2015-03-19
A brief history of fiddling with Unix directories
In the beginning (say V7 Unix), Unix directories were remarkably
non-special. They were basically files that
the kernel knew a bit about. In particular, there was no mkdir(2)
system call and the .
and ..
entries in each directory were
real directory entries (and real hardlinks), created by hand by
the mkdir
program.
Similarly there was no rmdir()
system call and rmdir
directly called unlink()
on dir/..
, dir/.
, and dir
itself.
To avoid the possibility of users accidentally damaging the directory
tree in various ways, calling link(2)
and unlink(2)
on directories
was restricted to the superuser.
(In part to save the superuser from themselves, commands like ln
and rm
then generally refused to operate on directories at all,
explicitly checking for 'is this a directory' and erroring out if
it was. V7 rm
would remove directories with 'rm -r
', but it
deferred to rmdir
to do the actual work. Only V7 mv
has
special handling for directories; it knew how to actually rename
them by manipulating hardlinks to them, although this only worked
when mv
was run by the superuser.)
It took until 4.1 BSD or so for the kernel to take over the work
of creating and deleting directories, with real mkdir()
and
rmdir()
system calls. The kernel also picked up a rename()
system call at the same time, instead of requiring mv
to do the
work with link(2)
and unlink(2)
calls; this rename()
also
worked on directories. This was the point, not coincidentally,
where BSD directories themselves became more complicated. Interestingly, even in 4.2 BSD link(2)
and
unlink(2)
would work on directories if you were root and mknod(2)
could still be used to create them (again, if you were root),
although I suspect no user level programs made use of this (and
certainly rm
still rejected directories as before).
(As a surprising bit of trivia, it appears that the 4.2 BSD ln
lacked a specific 'is the source a directory' guard and so a superuser
probably could accidentally use it to make extra hardlinks to a
directory, thereby doing bad things to directory tree integrity.)

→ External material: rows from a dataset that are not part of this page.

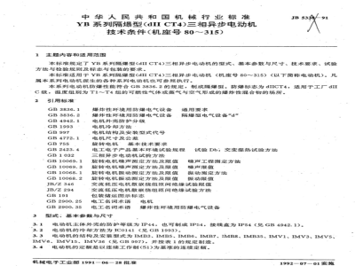 本标准规定了YB系列隔爆型(dIICT4)三相异步电动机的型式、基本参数与尺寸、技术要求、试验方法与检验规则及标志与包装的要求。本标准适用于YB系列隔爆型(dIICT4)三相异步电动机(机座号80~315)(以下简称电动机)。凡属本系列电动机派生的各种系列电动机也可参照执行。本系列电动机防爆性能符合GB3836.2的规定,制成隔爆型。防爆标志为dIICT4,适用于工厂dIIC级,温度组别为T1T4组的可燃性气体或蒸气与空气形成的爆炸性混合物的场所。2
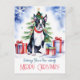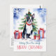 Postales de felicitación navideña de Boston Terrier Merry para gente de perros, cachorro acuarela lindo Boston Terrier con cajas de regalo y árbol de Navidad, postal de Navidades para amantes de perros
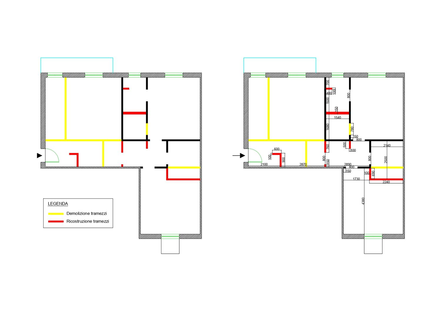 E' stato effettuato uno studio in pianta dell'appartamento creando un open space per la zona living e cucina con un ingresso svuotatasche/cappottiera.
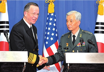 美軍參謀長聯席會議主席馬倫8日與韓國聯合參謀本部議長韓民求舉行會談,商討朝鮮半島局勢。
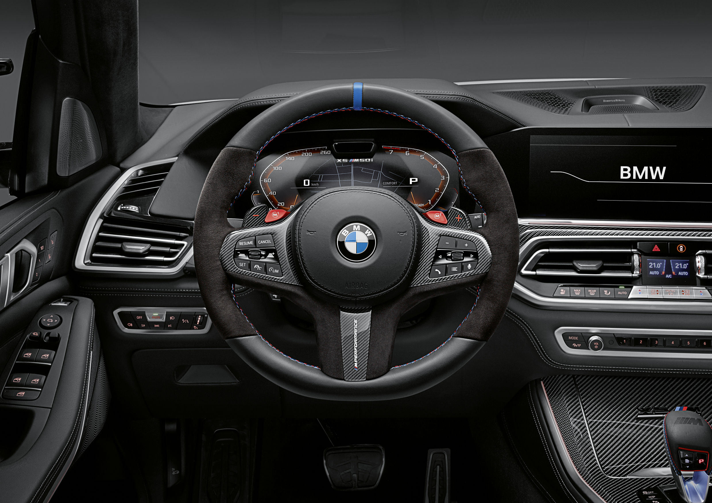 BMW X5 M, M Performance steering wheel, M Performance shift paddles in carbon fibre, M Performance steering wheel cover in carbon fibre/Alcantara ...

To my further surprise, raw link(2)
and unlink(2)
continued to
work on directories as late as 4.4 BSD; it was left for other Unixes
to reject this outright. Since the early Linux kernel source is
relatively simple to read, I can say that Linux did from very early
on. Other Unixes, I have no idea about. (I assume but don't know for
sure that modern *BSD derived Unixes do reject this at the kernel
level.)
(I've written other entries on aspects of Unix directories and their history: 1, 2, 3, 4.)
PS: Yes, this does mean that V7 mkdir
and rmdir
were setuid
root, as far as I know. They did do their own permission checking
in a perfectly V7-appropriate way, but in general, well, you really
don't want to think too hard about V7, directory creation and
deletion, and concurrency races.
In general and despite what I say about it sometimes, V7 made decisions that were appropriate for its time and its job of being a minimal system on a relatively small machine that was being operated in what was ultimately a friendly environment. Delegating proper maintenance of a core filesystem property like directory tree integrity to user code may sound very wrong to us now but I'm sure it made sense at the time (and it did things like reduce the kernel size a bit).